I believe once they were able to measure airspeed over the top of the foil there was some evidence indicating air was not moving as quickly as would be have been predicted to generate lift.
This is all from memory though so apologies. I do know one of the articles was this one:
Some articles I've read recently indicate that this description of an airfoil is pretty much hogwash even though there are still text books that teach the method.
The reason the articles provided why airfoils cause lift is because they force air to flow towards the ground and thus generate a reaction of a net lifting force upwards (i.e. away from the ground) per Newton's 3rd law.
Before I'd ever heard of the wing-shape thing common sense told me the air hits the slanted wing and pushes it upward.
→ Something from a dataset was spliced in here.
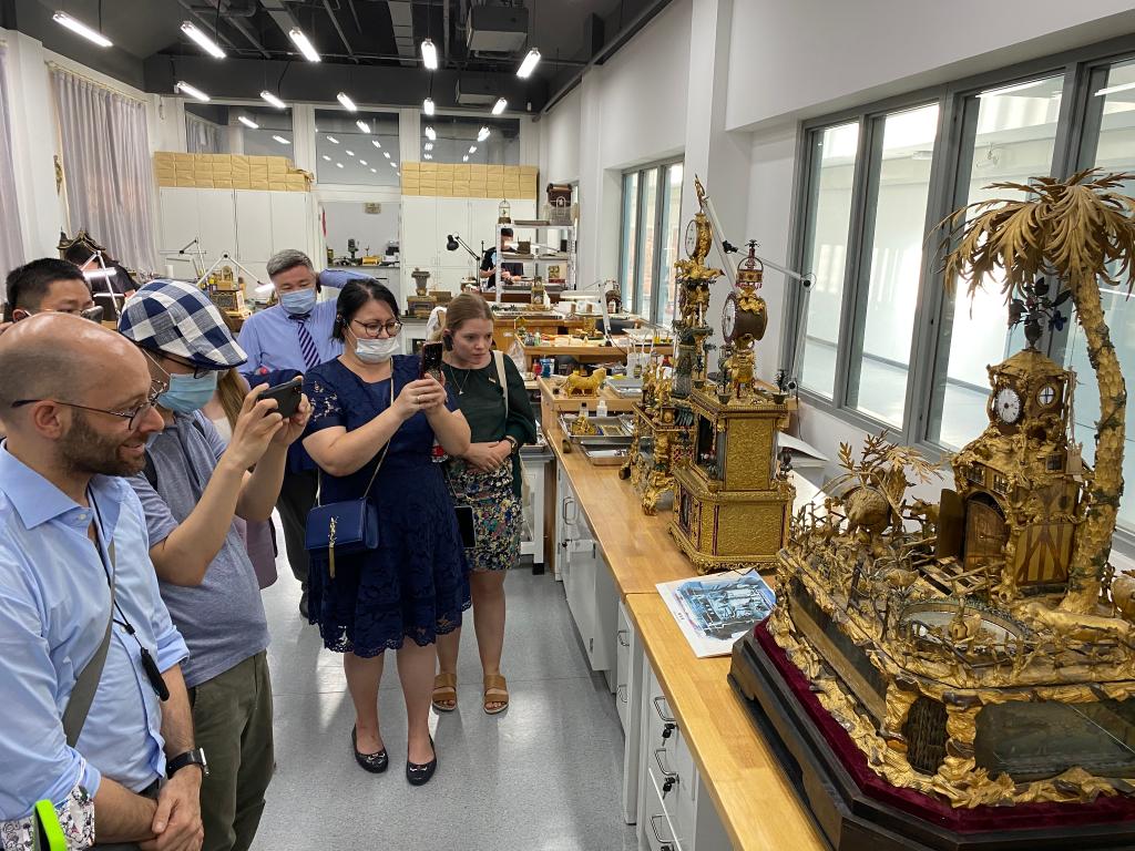 駐華外交官觀賞修復後的古鐘表。新華社記者潘潔 攝

Then I was told, no, it's the wing shape. So I can accept the slanted wing providing lift. But now my question is, what if you left the wing unslanted? Could a plane fly from lift due just to the wing shape where the underside of the wing is level?
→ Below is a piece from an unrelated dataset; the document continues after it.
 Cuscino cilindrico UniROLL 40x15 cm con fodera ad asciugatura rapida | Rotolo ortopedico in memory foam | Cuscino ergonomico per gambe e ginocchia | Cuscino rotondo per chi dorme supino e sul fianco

Before I'd ever heard of the wing-shape thing common sense told me the air hits the slanted wing and pushes it upward. Then I was told, no, it's the wing shape. So I can accept the slanted wing providing lift. But now my question is, what if you left the wing unslanted? Could a plane fly from lift due just to the wing shape where the underside of the wing is level?
PairTheBoard
I am not a fluid dynamics, aero dynamics, or aeronautics expert. My interpretation is that as long as the airfoil is designed to produce the conditions that allow air to flow downward (towards the ground) then the 'equal and opposite reaction' of this downward flow of air will be a lift force which causes the plane to fly.
I have no idea if the wing needs to be slanted to produce the correct conditions or not.
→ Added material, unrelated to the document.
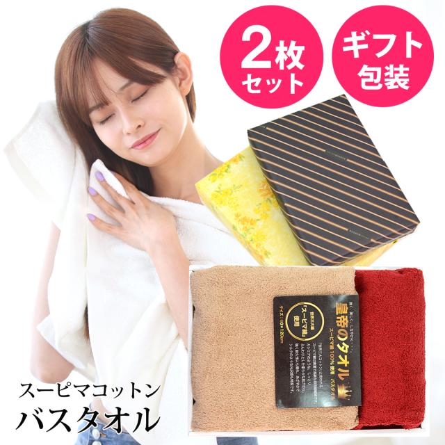 ギフト バスタオル スーピマ タオル 2枚セット 箱入り 包装紙付き 5色 スーピマコットン 100% 厚手 高品質 【沖縄県除き送料無料】 高級ホテル仕様 スーピマバスタオル セット 吸水 まとめ買い 綿100% 極厚 プレミアム 世界3大コットン プレゼント包装対応 agesugi_snk

I am not a fluid dynamics, aero dynamics, or aeronautics expert. My interpretation is that as long as the airfoil is designed to produce the conditions that allow air to flow downward (towards the ground) then the 'equal and opposite reaction' of this downward flow of air will be a lift force which causes the plane to fly.
I have no idea if the wing needs to be slanted to produce the correct conditions or not.
As I understand the wing shape, if it's level the air flowing underneath should travel level while the air on top should travel up and over the hump in front and then down the upper side of the wing.
As I understand the wing shape, if it's level the air flowing underneath should travel level while the air on top should travel up and over the hump in front and then down the upper side of the wing.
PairTheBoard
The forces on the airfoil are not only influenced by it's shape, but by the angle of it's approach within the fluid and the viscosity of the fluid.
All those topics need to be studied with fluid mechanics equations and simulations and numerical analysis and the rest are very dangerous routes that can appear convincing and be wrong as arguments etc. Its all very complex eventually when the systems get nontrivial in geometry. Just solve it and leave the qualitative analysis away lol.